Proba and her Cento Vergilianus de laudibus Christi represented to Jerome the wrong way to approach sacred literature. Proba was a married woman deeply learned in the secular literature of Virgil. She turned from the path of secular literature to write a Vergiliocento — an epic of Hebrew Scripture and the New Testament constructed from verses of Virgil. At least one other poet similarly made Christian Homerocentones.[3] Jerome apparently felt that study of sacred literature was being shortchanged. Secular learning was being given priority over study of sacred scripture:

Otherwise we wouldn’t read Homerocentones and Vergiliocentones, nor would we say that even Virgil was a Christian without Christ because he had written: “Now the Virgin returns, the kingdom of Saturn returns. Now a new race will spring up in the whole world {quoting Virgil, Eclogues 4.6-7},” and a father saying to his son: “Son, you alone my strength, my mighty power {quoting Virgil, Aeneid, 1.664},” and after the words of the Savior on the cross: “Speaking thus he rested and remained held in place {quoting Virgil, Aeneid 2.650}.” These are childish views and similar to the sport of pretentious frauds: to teach what you don’t know; or rather — to vent my spleen — not even to know that you don’t know.

{ Quasi non legerimus, Homerocentonas, et Virgiliocentonas: ac non sic etiam Maronem sine Christo possimus dicere Christianum, qui scripserit: “Jam redit et virgo, redeunt Saturnia regna. Jam nova progenies coelo demittitur alto.” Et patrem loquentem ad filium, “Nate, meae vires, mea magna potentia solus.” Et post verba Salvatoris in cruce, “Talia perstabat memorans, fixusque manebat.” Puerilia sunt haec, et circulatorum ludo similia, docere quod ignores: imo, ut cum stomacho loquar, ne hoc quidem scire quod nescias. } [4]

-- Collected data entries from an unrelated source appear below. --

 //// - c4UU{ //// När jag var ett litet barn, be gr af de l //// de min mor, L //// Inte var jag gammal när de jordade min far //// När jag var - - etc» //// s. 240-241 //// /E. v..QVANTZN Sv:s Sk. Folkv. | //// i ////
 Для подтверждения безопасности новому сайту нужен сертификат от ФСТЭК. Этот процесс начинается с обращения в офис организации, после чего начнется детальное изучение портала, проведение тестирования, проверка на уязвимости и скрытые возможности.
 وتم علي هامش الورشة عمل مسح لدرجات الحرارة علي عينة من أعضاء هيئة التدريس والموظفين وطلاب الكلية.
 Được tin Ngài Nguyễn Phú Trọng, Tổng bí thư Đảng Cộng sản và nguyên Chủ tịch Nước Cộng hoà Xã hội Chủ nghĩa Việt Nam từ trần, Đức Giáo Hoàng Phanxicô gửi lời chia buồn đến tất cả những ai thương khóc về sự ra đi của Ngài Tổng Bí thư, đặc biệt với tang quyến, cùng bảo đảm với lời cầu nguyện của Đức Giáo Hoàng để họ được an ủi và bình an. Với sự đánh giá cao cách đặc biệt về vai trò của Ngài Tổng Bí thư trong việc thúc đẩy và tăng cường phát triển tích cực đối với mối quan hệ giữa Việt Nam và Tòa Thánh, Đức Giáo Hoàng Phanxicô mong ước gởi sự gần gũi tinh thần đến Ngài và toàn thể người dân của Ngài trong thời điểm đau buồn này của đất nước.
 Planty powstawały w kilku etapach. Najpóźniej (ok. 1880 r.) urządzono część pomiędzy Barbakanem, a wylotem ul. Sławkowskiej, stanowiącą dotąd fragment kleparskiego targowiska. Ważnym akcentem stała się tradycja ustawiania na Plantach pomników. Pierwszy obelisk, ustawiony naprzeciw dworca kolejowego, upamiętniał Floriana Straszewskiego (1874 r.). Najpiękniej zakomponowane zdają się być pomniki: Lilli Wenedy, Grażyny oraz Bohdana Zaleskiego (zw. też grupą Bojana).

Jerome believed in the teaching authority of unmarried men who had made extensive study in the separate field of sacred literature. He wasn’t concerned about how the brutalization of men’s sexuality diminished marriage. Jerome, a priest engaged in monastic life, advocated for the distinctive calling of priests and monks. Jerome implicitly disparaging Proba’s cento is highly plausible.[5]

Antoine Dufour presents book on famous women to Queen Anne

Living about a millennium after Jerome, Boccaccio reconsidered Proba’s cento and the secular literature of ancient Rome. Seeking to earn a living in fourteenth-century Italian gynocentric society, Boccaccio wrote two collections of biographies: About Famous Women {De claris mulieribus} and About the Downfall of Illustrious Men {De casibus virorum illustrium}. The collection about women, which Boccaccio dedicated to Countess Andrea Acciaioli, was successful and influential. It included a chapter on Proba. Boccoccio credited Proba with lost works:

The more we think the work {Cento Vergilianus de laudibus Christi} worthy of being remembered forever, the less we can believe that so intellectually gifted a person {Proba} would have been satisfied with only this effort. In fact, I think that, if Proba lived for many years, she must have written other praiseworthy works which have not reached us, to our loss, because of scribal laziness.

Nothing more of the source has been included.